Lincoln Quotes, Provided At No Charge, Plus Free Citation For Kids 12 And Over

"Some, if not all the gentlemen on the other side of the House, who have addressed the committee within the last two days, have spoken rather complainingly, if I have rightly understood them, of the vote given a week or ten days ago, declaring that the war with Mexico was unnecessarily and unconstitutionally commenced by the President. I admit that such a vote should not be given, in mere party wantonness, and that the one given is justly censurable, if it have no other, or better foundation. I am one of those who joined in that vote; and I did so under my best impression of the truth of the case....When the war began it was my opinion that all those who, because of knowing too little, or because of knowing too much, could not conscientiously approve the conduct of the President, in the beginning of it, should, nevertheless, as good citizens and patriots, remain silent on that point, at least until the war should be ended.....and I adhered to it, and acted upon it, until since I took my seat here; and I think I should still adhere to it, were it not that the President and his friends will not allow it to be so....

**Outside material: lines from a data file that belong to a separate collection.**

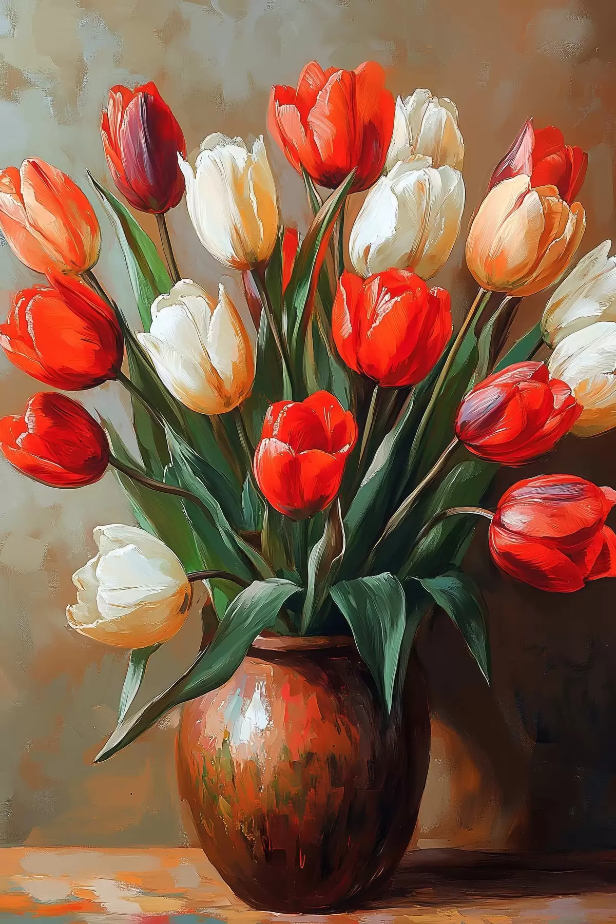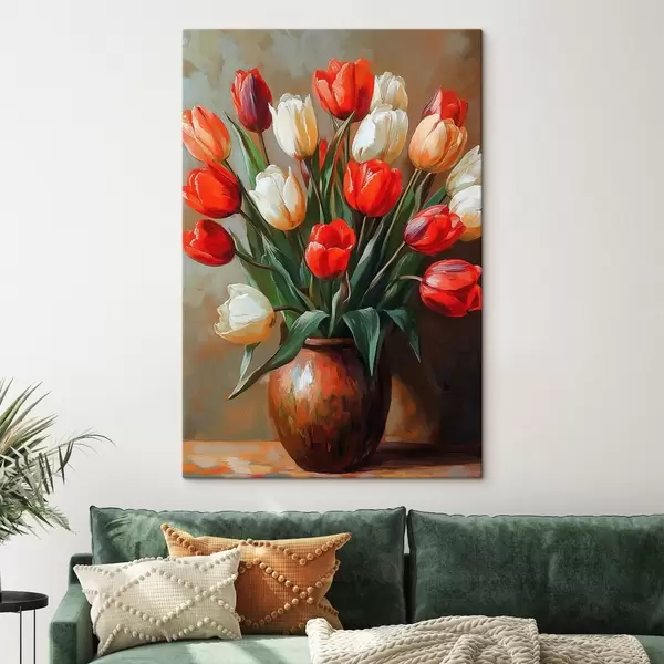 Peintures Bouquet de tulipes rouges et blanches s42981
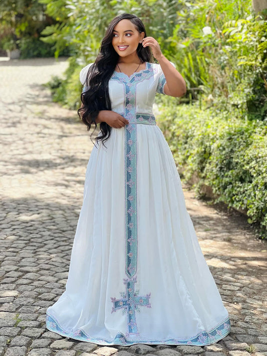 Puff Sleeve Habesha Dress with Embroidery Ethiopian Traditional Dress Stylish Habesha Kemis 708
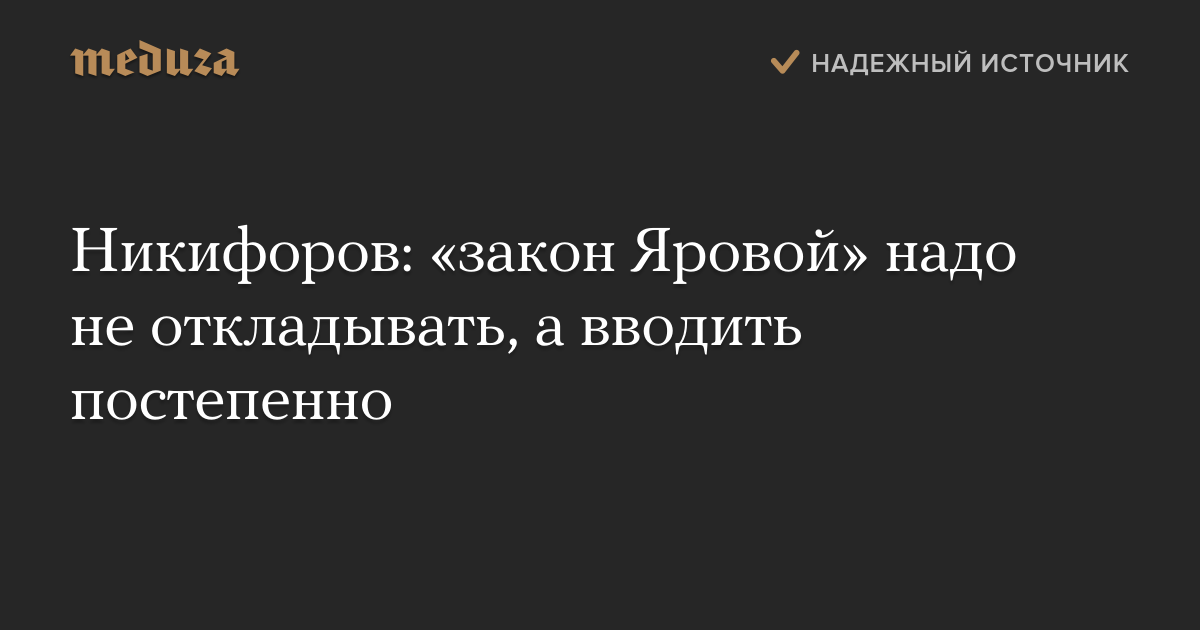 Никифоров: «закон Яровой» надо не откладывать, а вводить постепенно

"I more than suspect already, that he [President Polk] is deeply conscious of being in the wrong; that he feels the blood of this war, like the blood of Abel, is crying to heaven against him; that originally having some strong motive...to involve the two countries in a war, and trusting to escape scrutiny by fixing the public gaze upon the exceeding brightness of military glory...he plunged into it and has swept on and on, till, disappointed in his calculation...he now finds himself he knows not where....His mind, tasked beyond its power, is running hither and thither, like some tortured creature on a burning surface, finding no position on which it can settle down and be at ease....He is a bewildered, confounded, and miserably perplexed man. God grant he may be able to show there is not something about his conscience more painful than all his mental perplexity!"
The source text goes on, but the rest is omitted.